Common Waxbills have been introduced, with and without intent, as a result of the pet trade to many parts of the world (Fig. 1). These introductions often date back to the nineteenth century, and for some cases, the introduction event is well known (Lever 2005). Although not all introductions have resulted in successfully established populations, some have occurred, e.g., in the Iberian Peninsula, where it was introduced in 1964 (Reino and Silva 1998 and references therein), in South America and on several tropical islands around the globe. The latter include Oahu (Hawaii), Society Islands (Tahiti), New Caledonia, Amirantes, parts of the Seychelles archipelago, Mauritius, Réunion, Rodrigues, Ascension, St Helena, São Tomé and Príncipe, Bermuda, Trinidad, Cape Verde and Canary Islands (e.g. Fry 2004; Lever 2005). Other parts of the world might also offer environmentally suitable conditions for the species, and further spreads are likely. During the last decades, the species has increased its invaded range at least within the Iberian Peninsula (Silva et al. 2002). Based on data presented by Reino et al. (2009), the species might further expand its invaded range in south-western Europe making future predictions on a global scale especially appealing.
Species distribution models (SDMs) are tools to assess the potential distribution of species (Guisan and Thuiller 2005; Jeschke and Strayer 2008; but see Elith and Leathwick 2009 for discussion on terminology) including birds (Peterson 2001; Martinez-Meyer et al. 2004; Walther et al. 2004; Strubbe and Matthysen 2009; Echarri et al. 2009). A special case of SDMs are climate envelope models, which rely on the climatic niche of the organism only (Guisan and Thuiller 2005; Elith et al. 2006). SDMs are widely used to predict possible further spreads of invasive species (Menke et al. 2009; Peterson and Vieglais 2001; Rödder and Lötters 2010). In particular, SDMs offer the possibility to project models derived from current conditions into the past or the future using palaeoclimate layers or climate change scenarios for forthcoming decades (Peterson et al. 2002; Peterson and Nyári 2007; Rödder and Dambach 2010; Waltari et al. 2007).

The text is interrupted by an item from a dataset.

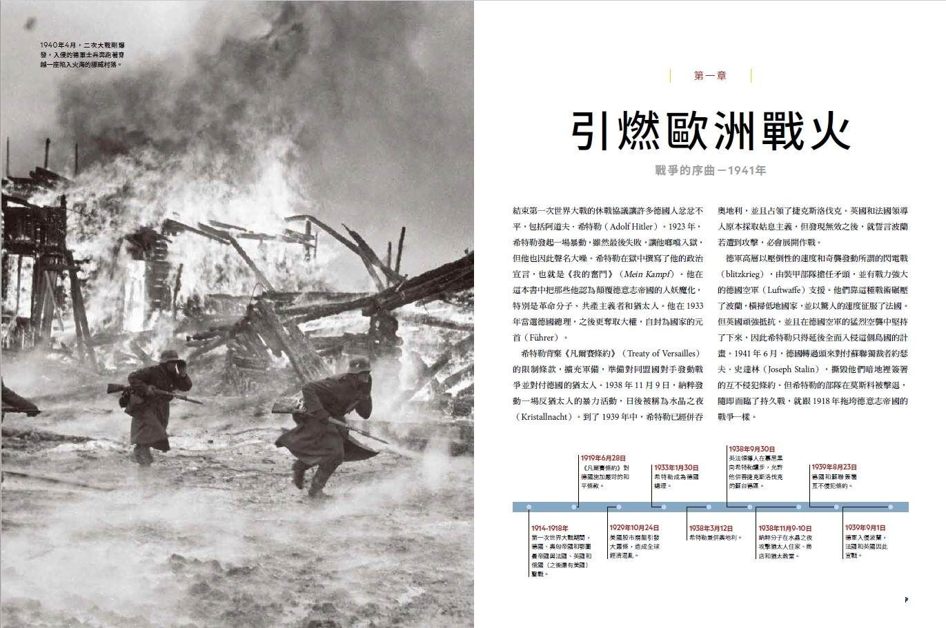 德軍高層發動所謂的閃電戰(blitzkrieg),由裝甲部隊擔任矛頭,並且有戰力強大的德國空軍(Luftwaffe)支援,挾帶壓倒性的速度和奇襲力量,這種戰術粉碎了波蘭,橫掃低地國家,並以驚人的速度征服了法國,然而英國抗拒入侵,並在德國空軍的猛烈空襲中堅持下來,因此希特勒只得延後全面入侵這個島國的計畫。1941年6月,德國轉過頭來對付蘇聯獨裁者約瑟夫.史達林(Joseph Stalin),撕毀他們暗地裡簽署的互不侵犯協定,但是希特勒的部隊在莫斯科被擊退,隨即面臨了持久戰,就跟1918年拖垮德意志帝國的戰爭一樣。

Commonly, SDMs are derived from information of the spatial distribution of the target species and environmental, often climatic, variables at these locations. Subsequently, the model is projected into geographic space using a geographic information system (GIS). Preferably, predictor variables should be proximal factors limiting the niche of the species (e.g. Austin 2002; Elith and Leathwick 2009; Rödder et al. 2009a). Models are based upon the ecological niche concept, which assumes that the ecological niche of a species is the range of biotic and abiotic conditions in a multidimensional space, which allows the species to persist without immigration (Hutchinson 1957; Soberón 2007; Soberón and Peterson 2005). One needs to keep in mind that SDMs postulate three key assumptions that are mostly not strictly met in nature (Jeschke and Strayer 2008). First, climatic tolerances of the species should be the main determinants of their distribution, neglecting dispersal limitations and biotic factors (e.g. competition, predation), which can only seldom be incorporated in SDMs (e.g. Rödder et al. 2008a, b). Therefore, the realized niche, i.e. environmental conditions present within the geographical space occupied by the species, is under natural circumstances only a subset of the fundamental niche (Hutchinson 1957; Soberón and Peterson 2005). In addition, SDMs assume that the range of the species under study is in equilibrium with environmental parameters (Pearson and Dawson 2003; Araujo and Pearson 2005) and the niche is conservative over time and space (Peterson et al. 1999; Wiens and Graham 2005). Finally, SDMs cannot easily cope with dispersal limitations and thus claim that species occur at all locations where environmental conditions are favourable and nowhere else (Jeschke and Strayer 2008). Note that these assumptions are not undisputed (e.g. Beale et al. 2008; Losos 2008; Rödder and Lötters 2009; Warren et al. 2008).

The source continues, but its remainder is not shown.